Like women, a groovy pantsuit was always in style. A button-up shirt – silk, of course – would show off your gaudy gold chains and medallions, as well as your manly chest hair. Bell-bottom pants left little to the imagination. And you, too, could bring much-desired attention to yourself with a fashionable pair of platforms. Like the counterculture of the previous decade, long hair represented a rejection of polite society, and facial hair fit your fashion choices as well. And for both sexes, bold colors like green, yellow, and orange were the order of the evening (and hey, it was the 1970s, so you likely had kitchen appliances to match those colors. I’m looking at you, harvest gold refrigerator).
Beloved pet or fashion statement?
An aside here – let’s dispel a little myth about platform shoes with goldfish in the heel.
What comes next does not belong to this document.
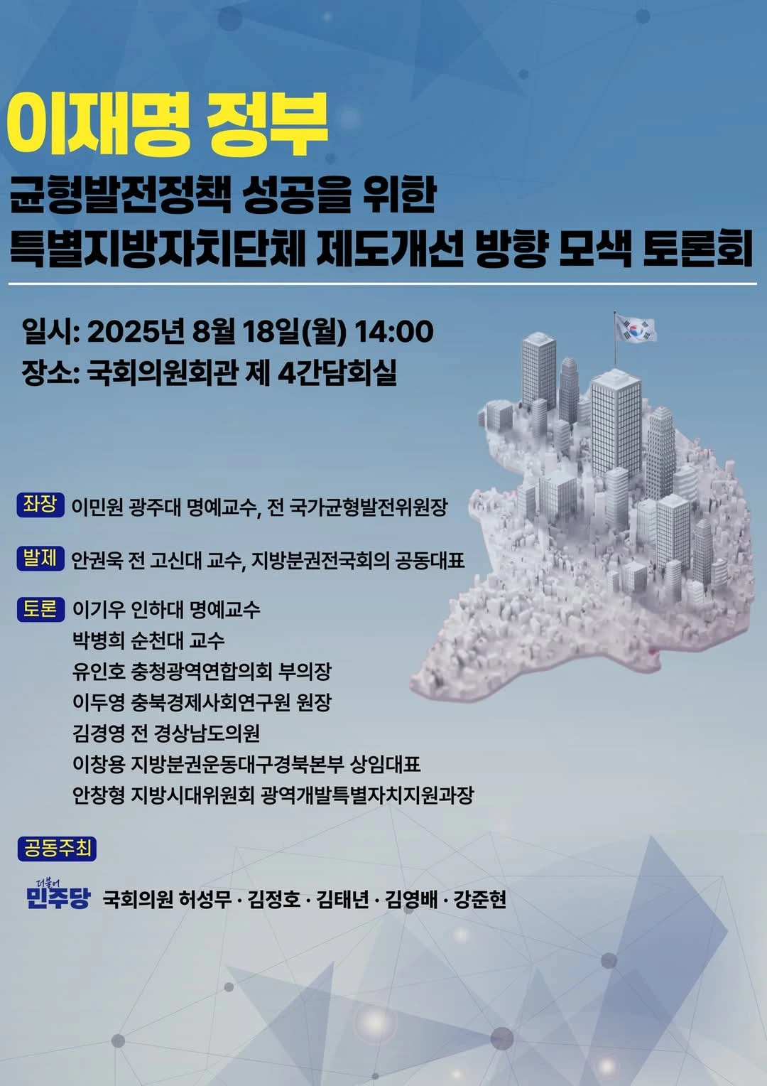 이재명 정부 균형발전정책 성공을 위한 특별지방자치단체 제도개선 방향 모색 토론회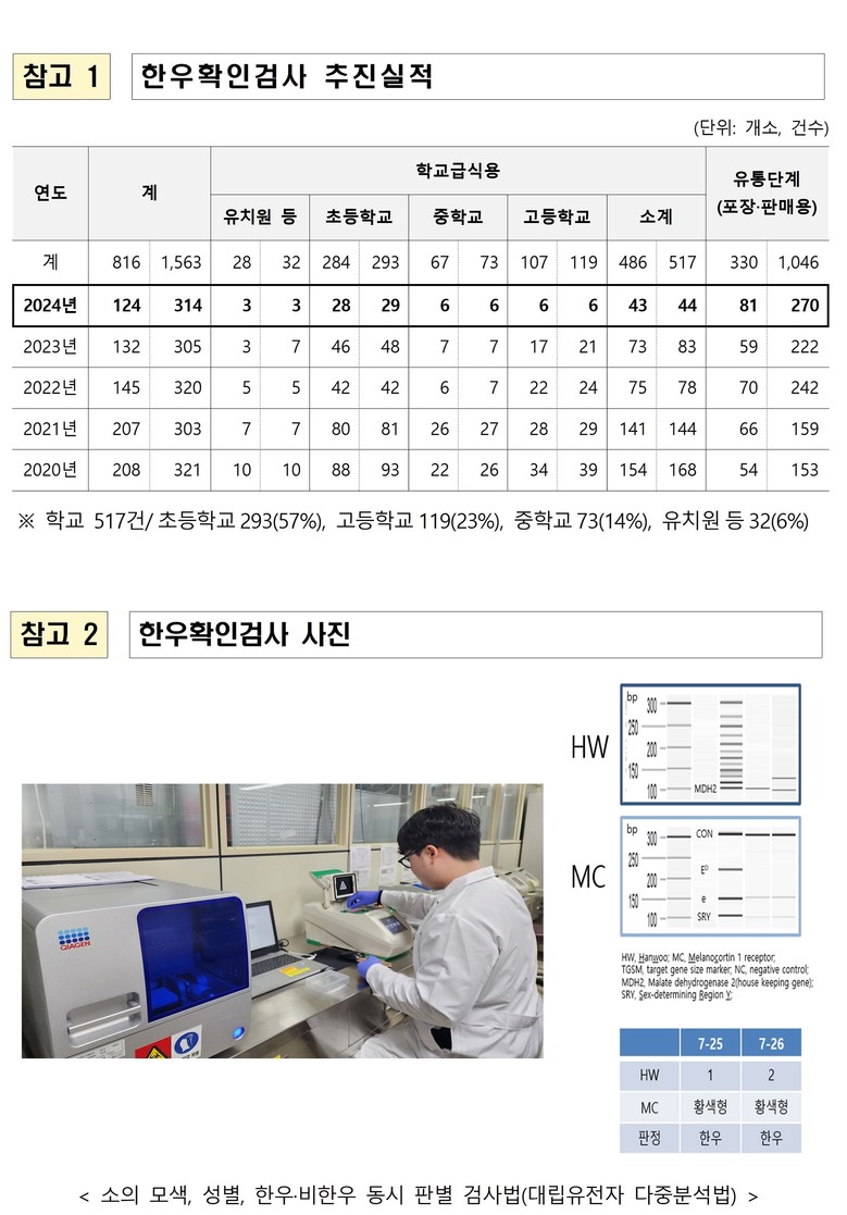 이번 한우 확인검사는 도 교육청과 협업하여 단체 급식을 실시하는 유치원 및 초·중·고등학교에 납품되는 한우 소고기 100건과 식육포장처리업소 및 식육판매업소에서 수거한 소고기 200건을 대상으로 한우와 비(非)한우를 구별할 수 있는 유전자검사*로 진행한다.

It’s extremely likely that these shoes were simply that – a myth. If they did exist, they weren’t mass produced and stood among the tackiest trends in the late ‘70s (of which there were many). Did anyone know someone who actually owned these? The shoes allowed you to put a live goldfish into the clear, acrylic heel, of course, and I can’t imagine the poor little guy survived even one evening of dance.
In pop culture blog liveabout.com: “A few people chose live fish, even inserting colored gravel and water plants for the whole aquarium effect.
Theoretically, you would return your traveling fish to its aquarium after your evening of revelry.
Realistically, it would have been a miracle if your fish survived the night. … Some former disco club-goers even remember seeing shoes break open and spill their contents on the dance floor.”
Fashion was just as crucial of an element to disco culture as the music itself. In this issue of Discover Vintage America, enjoy an overview of the years when disco was the next big thing. In fact, we recommend you dust off a few of your disco records and pair this issue with a good dose of Donna Summer on the record player. Time to boogie down!